**WHAT YOU NEED TO DO**
Repeat the data exactly as given below, dropping every picture.
─── SUPPLIED MATERIAL ───
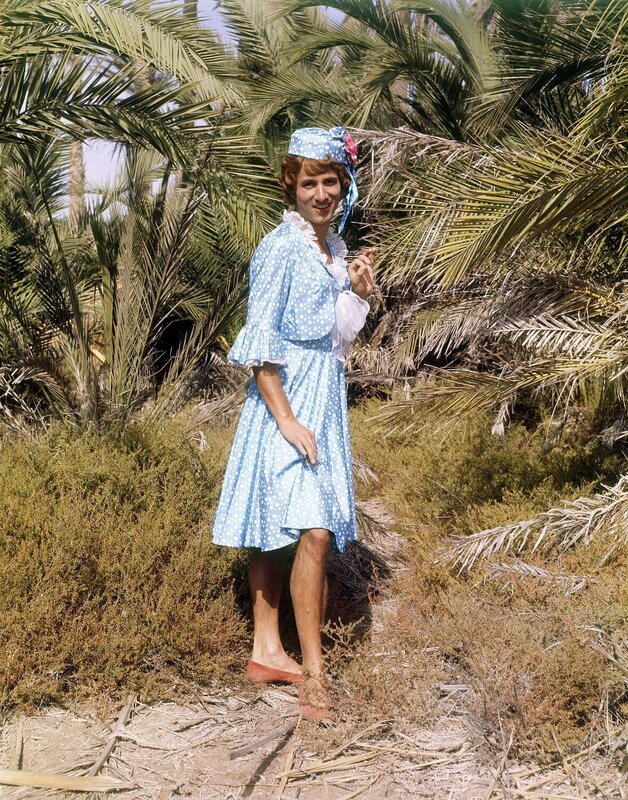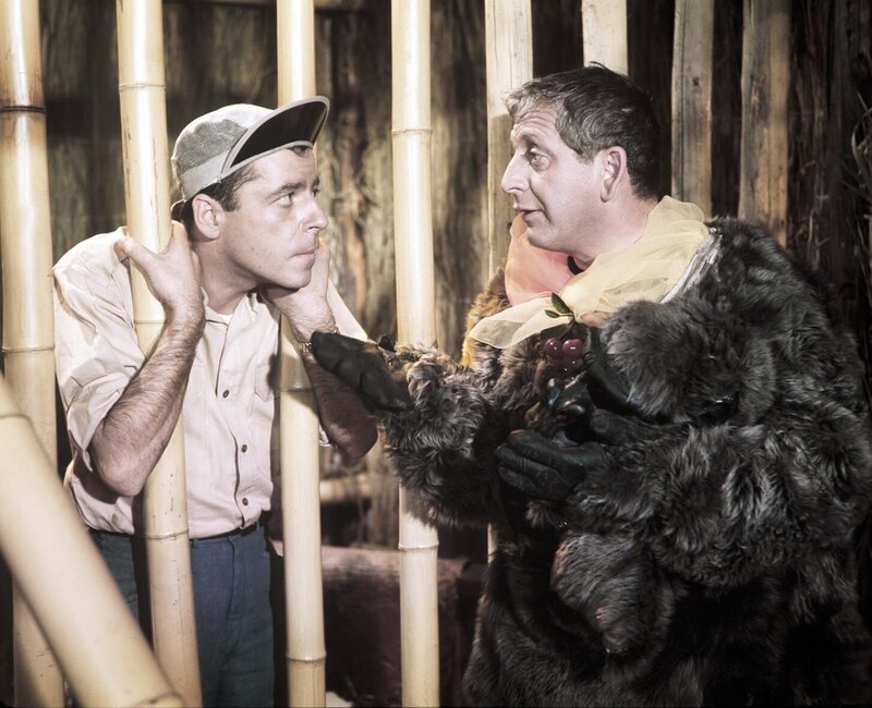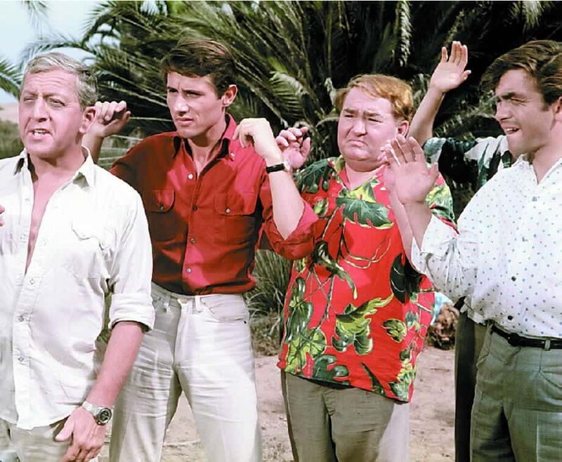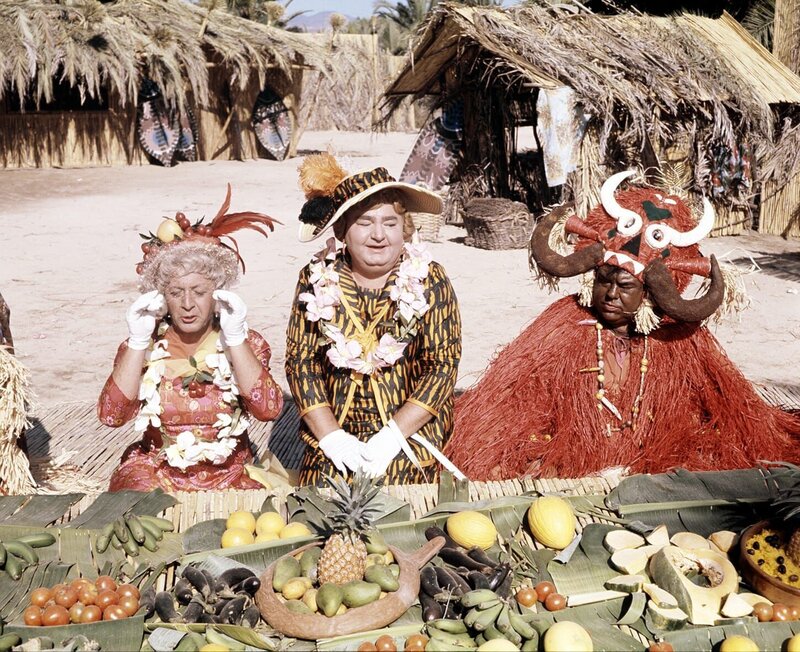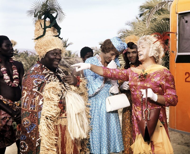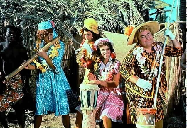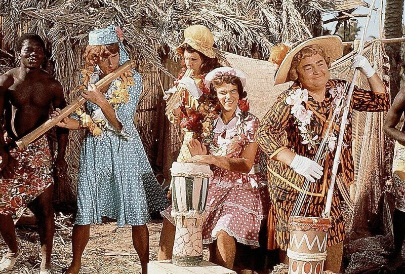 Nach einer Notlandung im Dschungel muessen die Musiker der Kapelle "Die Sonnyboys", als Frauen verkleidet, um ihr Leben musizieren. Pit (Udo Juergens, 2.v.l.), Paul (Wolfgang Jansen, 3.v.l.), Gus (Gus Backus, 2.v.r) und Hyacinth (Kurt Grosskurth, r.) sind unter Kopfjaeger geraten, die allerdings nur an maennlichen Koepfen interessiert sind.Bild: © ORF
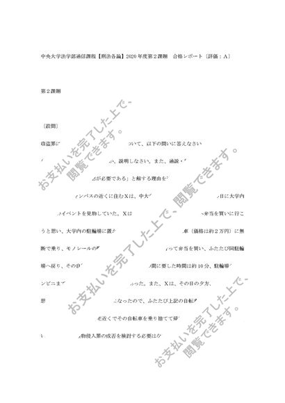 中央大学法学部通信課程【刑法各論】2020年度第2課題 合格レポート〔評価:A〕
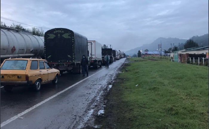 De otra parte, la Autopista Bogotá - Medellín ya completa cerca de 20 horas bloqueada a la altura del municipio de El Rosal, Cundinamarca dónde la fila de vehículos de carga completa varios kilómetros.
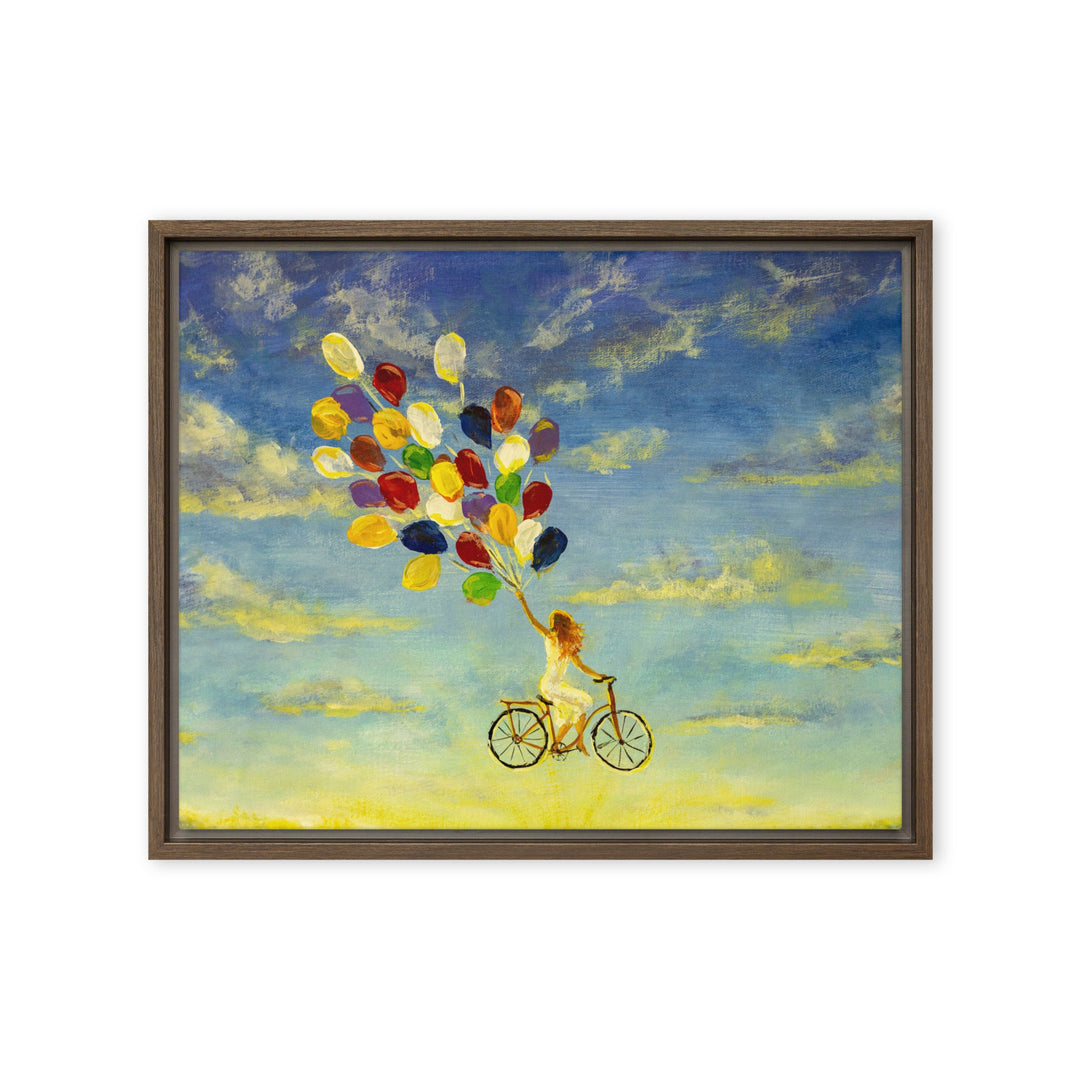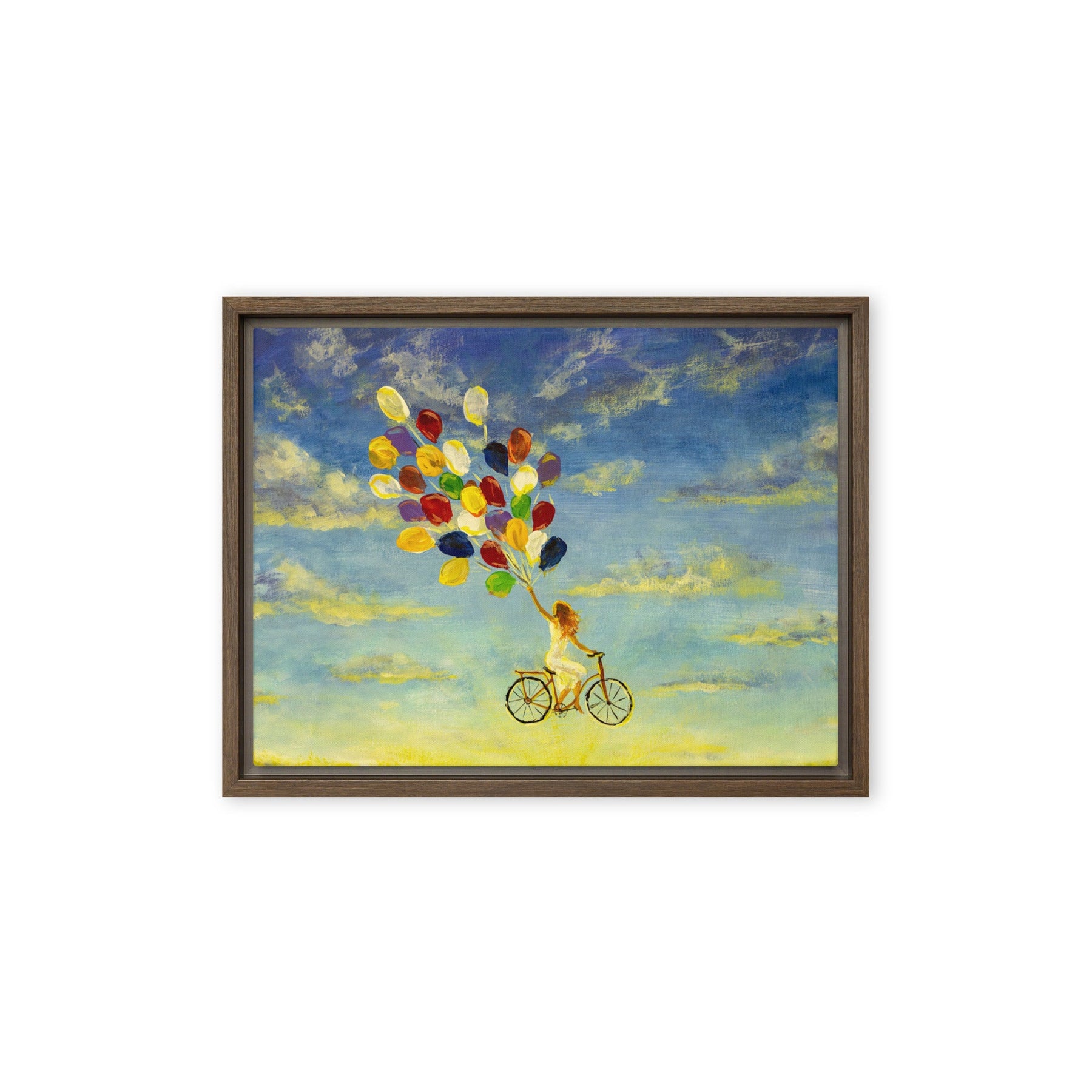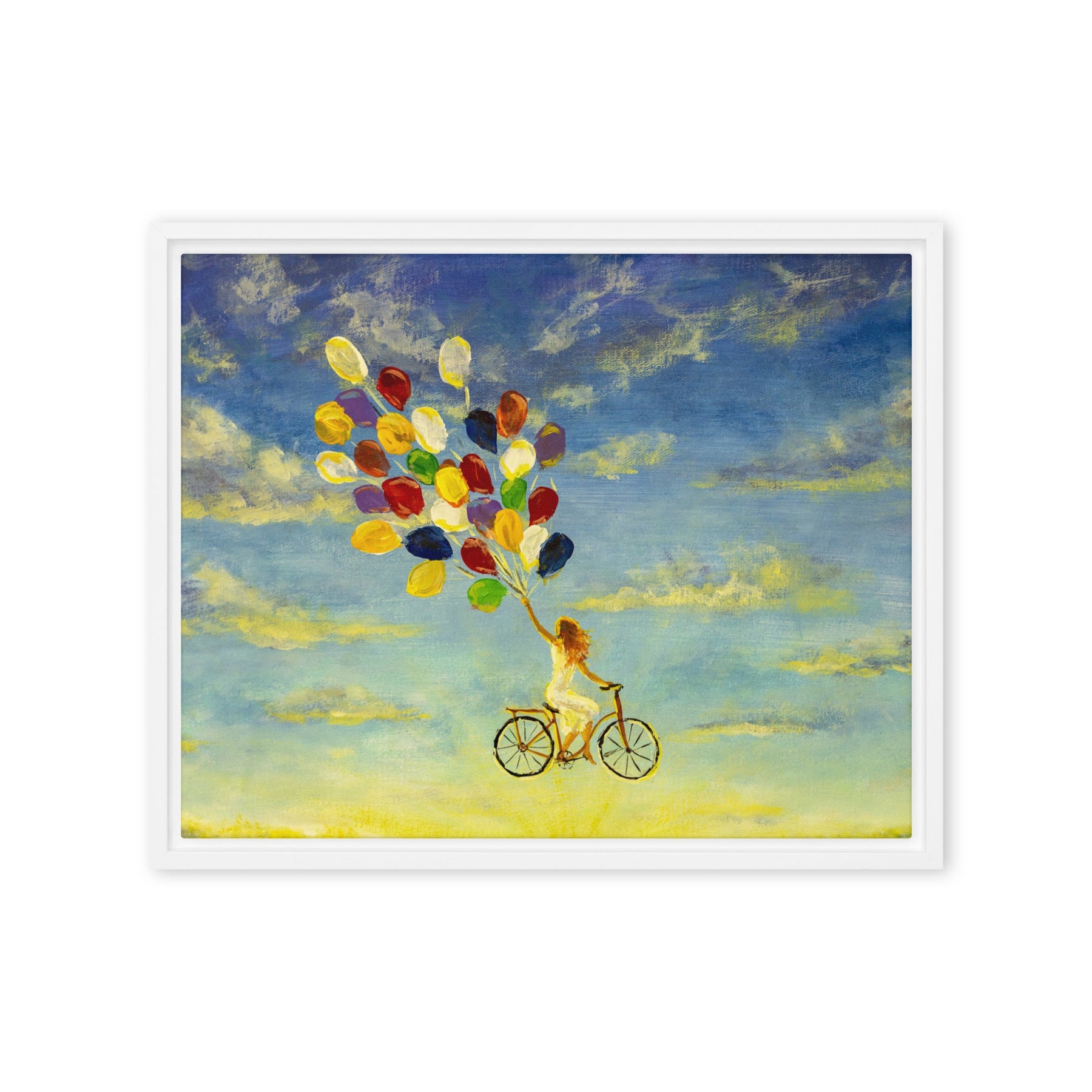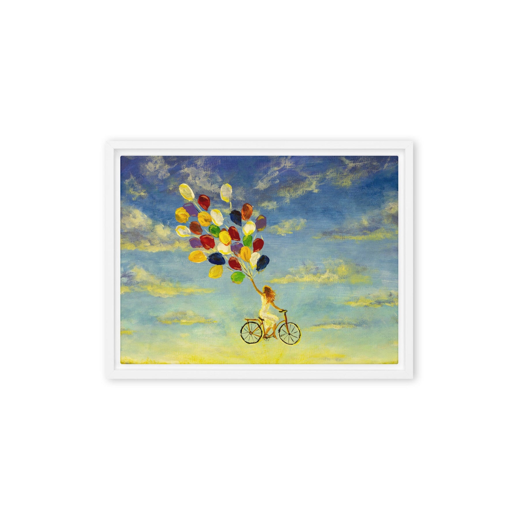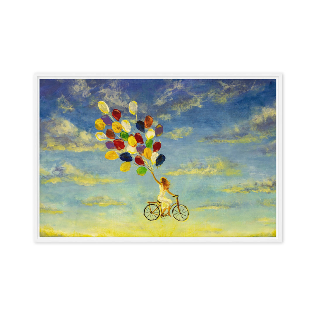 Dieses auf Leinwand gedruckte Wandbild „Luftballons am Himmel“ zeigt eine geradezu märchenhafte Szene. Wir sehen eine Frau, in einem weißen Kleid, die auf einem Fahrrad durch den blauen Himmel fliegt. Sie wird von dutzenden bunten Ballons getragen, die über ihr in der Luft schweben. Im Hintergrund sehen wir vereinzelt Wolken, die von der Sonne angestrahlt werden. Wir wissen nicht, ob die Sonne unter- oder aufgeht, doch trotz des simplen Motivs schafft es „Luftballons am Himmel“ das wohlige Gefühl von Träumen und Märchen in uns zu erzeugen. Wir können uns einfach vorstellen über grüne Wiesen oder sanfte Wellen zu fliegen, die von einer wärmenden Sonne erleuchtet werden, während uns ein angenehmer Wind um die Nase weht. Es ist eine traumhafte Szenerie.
───
**RESPONSE AREA**
 Nach einer Notlandung im Dschungel muessen die Musiker der Kapelle "Die Sonnyboys", als Frauen verkleidet, um ihr Leben musizieren. Pit (Udo Juergens, 2.v.l.), Paul (Wolfgang Jansen, 3.v.l.), Gus (Gus Backus, 2.v.r) und Hyacinth (Kurt Grosskurth, r.) sind unter Kopfjaeger geraten, die allerdings nur an maennlichen Koepfen interessiert sind.Bild: © ORF
 中央大学法学部通信課程【刑法各論】2020年度第2課題 合格レポート〔評価:A〕
 De otra parte, la Autopista Bogotá - Medellín ya completa cerca de 20 horas bloqueada a la altura del municipio de El Rosal, Cundinamarca dónde la fila de vehículos de carga completa varios kilómetros.
 Dieses auf Leinwand gedruckte Wandbild „Luftballons am Himmel“ zeigt eine geradezu märchenhafte Szene. Wir sehen eine Frau, in einem weißen Kleid, die auf einem Fahrrad durch den blauen Himmel fliegt. Sie wird von dutzenden bunten Ballons getragen, die über ihr in der Luft schweben. Im Hintergrund sehen wir vereinzelt Wolken, die von der Sonne angestrahlt werden. Wir wissen nicht, ob die Sonne unter- oder aufgeht, doch trotz des simplen Motivs schafft es „Luftballons am Himmel“ das wohlige Gefühl von Träumen und Märchen in uns zu erzeugen. Wir können uns einfach vorstellen über grüne Wiesen oder sanfte Wellen zu fliegen, die von einer wärmenden Sonne erleuchtet werden, während uns ein angenehmer Wind um die Nase weht. Es ist eine traumhafte Szenerie.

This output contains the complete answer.